You do realize that, even in principle, you can't dig up significant numbers of bodies. All but a tiny fraction of dead carcasses are completely destroyed over millennia. Only a very, very,very few are preserved to be later recovered. (BTW, you're not going to find many of them fossilized anyway. Fossilization takes millions of years, not thousands.)

But what about dinosaur bones? I mean human bones should also last a long time too, although they're not as dense of bones of dead beasts.
 
  • #38
DaveC426913 said:
That's one of the reasons why only one-in-a-zillion carcasses are ever fossilized. It's only the ones that are buried in a way where they are protected (tar-pits, river-beds, very fast sedimentation, etc.) from decay due to weathering, bacterial consumption, scavenging and a whole host of other destructive forces.
But what do you call a bone that has been around for a ten thousand years? That's not enough time by your definition to be called a fossil. If it hadn't fossilized wouldn't it have decayed by interal destructive forces?
 
  • #39
Zdenka said:
But what about dinosaur bones? I mean human bones should also last a long time too, although they're not as dense of bones of dead beasts.
Did you know that there are only five Tyrannosaur skeletons in existence? 99.999999999...% of ancient skeletons disappear without a trace.

Even if that weren't the case, how do you propose to find all the ones that do exist? Are you planning to scrape the entire Earth's surface to a depth of 100 feet, then sift through those megatons of dust, separating out every human skull you find?

This is ridiculous even for GD.
 
  • #40
jimmysnyder said:
But what do you call a bone that has been around for a ten thousand years? That's not enough time by your definition to be called a fossil. If it hadn't fossilized wouldn't it have decayed by interal destructive forces?
My definition? No. Fossilized bones are bones whose volume in the rock has been replaced by minerals. They are rock.

And yes almost all bones decay by internal and external destructive forces. Which is why Zdenka's idea is ridiculous.
 
  • #41
DaveC426913 said:
My definition? No. Fossilized bones are bones whose volume in the rock has been replaced by minerals. They are rock.

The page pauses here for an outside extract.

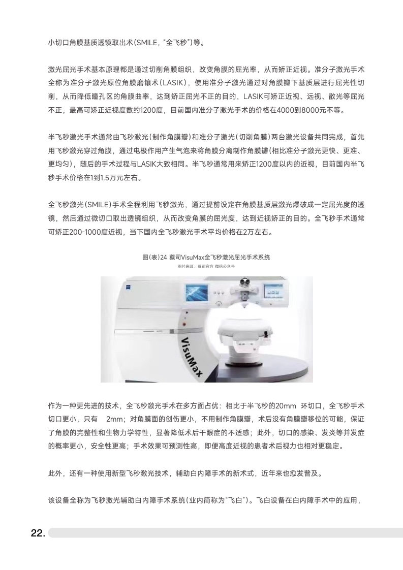 值得注意的是,在我国人口老龄化和过度使用电子屏幕的趋势下,眼科患病人群还将持续增加。同时,随着健康意识提升和更多创新器械、药物的出现,眼科治疗的渗透率有望进一步增长。

And yes almost all bones decay by internal and external destructive forces. Which is why Zdenka's idea is ridiculous.
So just after death they are bone and millions of years later they are rock. I'm asking what are they in between. If still bone, how do they survive the internal destructive forces to become rock. If rock, why aren't they fossils?
 
  • #42
Zdenka, come clean with us. Is this a brain teaser that you made up yourself that sounds plausible based on your own understanding of the fossil record?

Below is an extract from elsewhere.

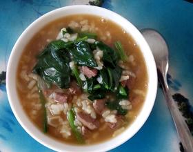 这款粥真的很有营养,菠菜要提前焯一下,去除菠菜里面的草酸,这样吃起来更有营养,更容易吸收。菠菜不要烫大劲儿了,要么就没有营养了。

Because unless there's something you're not telling us, this is just way off the reservation.
 
  • #43
jimmysnyder said:
So just after death they are bone and millions of years later they are rock. I'm asking what are they in between. If still bone, how to they survive the internal destructive forces to become rock. If rock, why aren't they fossils?
You're asking me to teach a basic lesson in paleontology, and I'm no paleontologist, but...

In very rare circumstances, carcasses are buried in ways that prevent decay of the hard structures. Flesh decays quite rapidly of course. Bones, less so, they're a network of calcium afterall; bacteria don't really dissolve them. Decay can be prevented in environments low in oxygen or very cold. If a large animal sinks to the bottom of a very cold lake, or into a tarpit, then its bones will survive long enough for the surrounding sediment to turn to rock. Then, over millions of years, minerals dissolved in water seep through the cracks, dissolve the soft bony materials and carry them away. The cavity left behind can get deposited with new minerals. Eventually you've got a fossil in the shape of the original set of bones but made of rock.

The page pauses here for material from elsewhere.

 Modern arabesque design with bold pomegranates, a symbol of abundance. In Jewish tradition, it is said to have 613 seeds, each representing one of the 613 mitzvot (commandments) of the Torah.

Note that all of this requires that the bones are not disturbed or destroyed by weathering, quakes, or other forces over the entire length of the fossilization process.

You can see that we're very lucky that there are any fossils at all.
 
  • #44
turbo-1 said:
A: All of them. Now, where's my prize? I want to retire.
Actually, this is the correct answer. :tongue2: I am not aware of any humans that meet the OP's criteria that have not lived and died on earth.

Asking for a specific "number" is not possible, since as it has been pointed out we don't even know of civilisations that might have lived and been eradicated without any record, and since they were wiped out, they have no present day decedants.
 
  • #45
DaveC426913 said:
You're asking me to teach a basic lesson in paleontology, and I'm no paleontologist, but...

In very rare circumstances, carcasses are buried in ways that prevent decay of the hard structures. Flesh decays quite rapidly of course. Bones, less so, they're a network of calcium afterall; bacteria don't really dissolve them. Decay can be prevented in environments low in oxygen or very cold. If a large animal sinks to the bottom of a very cold lake, or into a tarpit, then its bones will survive long enough for the surrounding sediment to turn to rock. Then, over millions of years, minerals dissolved in water seep through the cracks, dissolve the soft bony materials and carry them away. The cavity left behind can get deposited with new minerals. Eventually you've got a fossil in the shape of the original set of bones but made of rock.
.
I'm sorry Dave, but a casual glance at a piece of petrified wood is enough to see that this is not the process.
 
  • #46
jimmysnyder said:
But what do you call a bone that has been around for a ten thousand years? That's not enough time by your definition to be called a fossil. If it hadn't fossilized wouldn't it have decayed by interal destructive forces?

Bone is a bit of a special case. If you remove the organic material you are left with a mineral (calcium phosphate / calcium carbonate) that is pretty stable. Assuming it is buried in a non-acidic dry ground it can last an awfully long time as bone without becoming a fossil.
A lot of remains found in caves and tar pits are not strictly fossils because the bone has not been replaced by minerals - it is the same chemical bone that was in the living animal.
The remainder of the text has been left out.